On the magnetization of BL Lac jets

TL;DR

This paper investigates whether BL Lac jets can reach magnetic and particle energy equipartition, finding that structured jets with spine and layer components can achieve this, unlike simple one-zone models.

Contribution

It demonstrates that structured jet models can reproduce equipartition conditions in BL Lac objects, challenging previous assumptions from one-zone models.

Findings

One-zone models show particle energy dominance over magnetic energy.

Structured jets can achieve equipartition through radiative interplay.
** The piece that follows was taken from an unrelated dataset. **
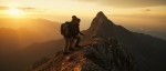Couple Hiking Mountain Ridge Under Golden Afternoon Light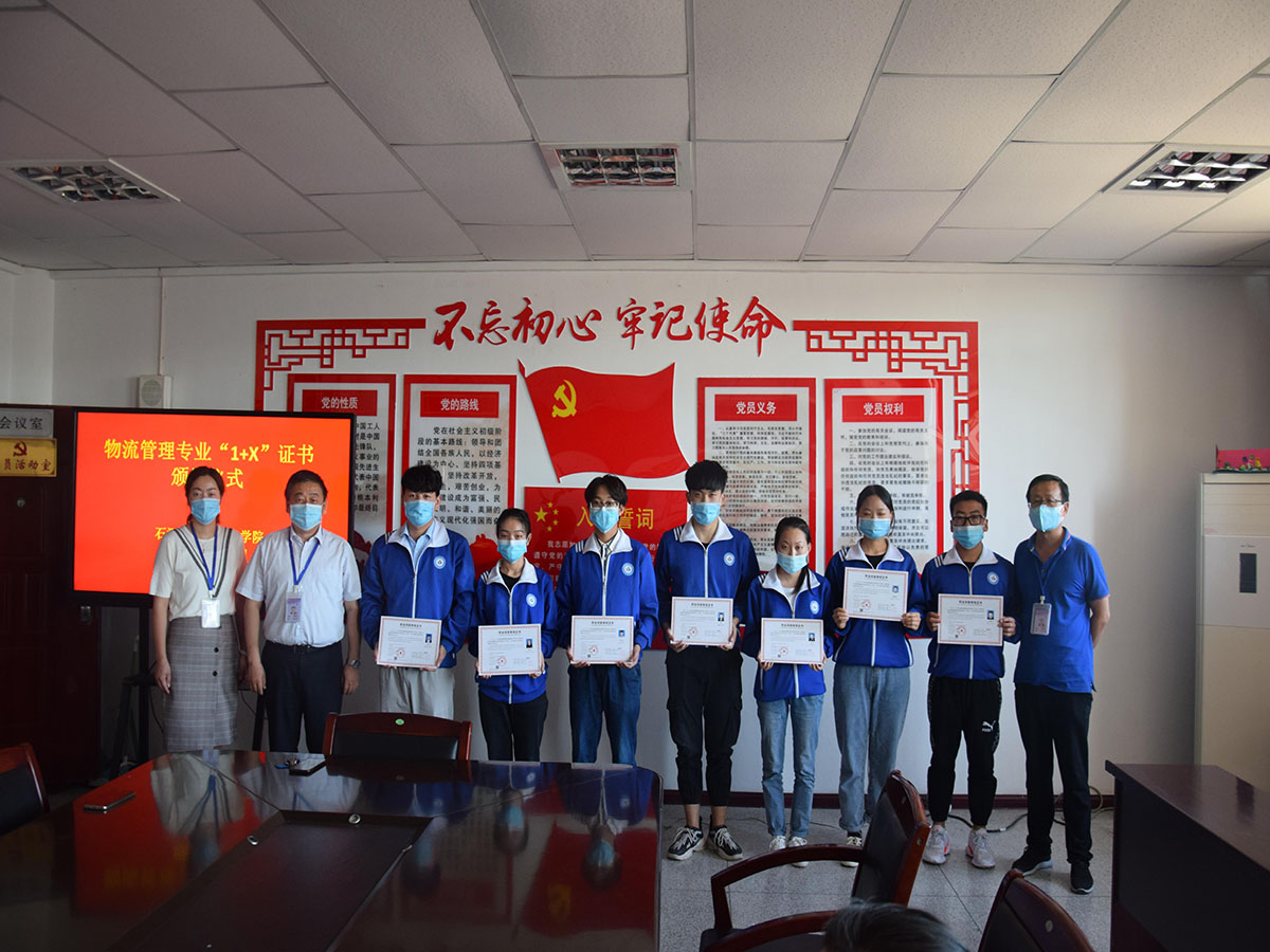 旅游与经济管理分院作为全国首批“1+X”证书考点,2019年12月7日组织50名学生参加考试,其中46名学生获得全国“1+X”物流管理职业技能等级证书(中级)。

Jet power exceeds magnetic power in simple models.

Abstract

The current paradigm foresees that relativistic jets are launched as magnetically dominated flows, whose magnetic power is progressively converted to kinetic power of of the matter of the jet, until equipartition is reached. Therefore, at the end of the acceleration phase, the jet should still carry a substantial fraction ($\approx$ half) of its power in the form of a Poynting flux. It has been also argued that, in these conditions, the best candidate particle acceleration mechanism is efficient reconnection of magnetic field lines, for which it is predicted that magnetic field and accelerated relativistic electron energy densities are in equipartition.Through the modeling of the jet non--thermal emission, we explore if equipartition is indeed possible in BL Lac objects, i.e. low-power blazars with weak or absent broad emission lines. We find that one-zone models (for which only one region is involved in the production of the radiation we observe) the particle energy density is largely dominating (by 1-2 orders of magnitude) over the magnetic one. As a consequence, the jet kinetic power largely exceeds the magnetic power. Instead, if the jet is structured (i.e. made by a fast spine surrounded by a slower layer), the amplification of the IC emission due to the radiative interplay between the two components allows us to reproduce the emission in equipartition conditions.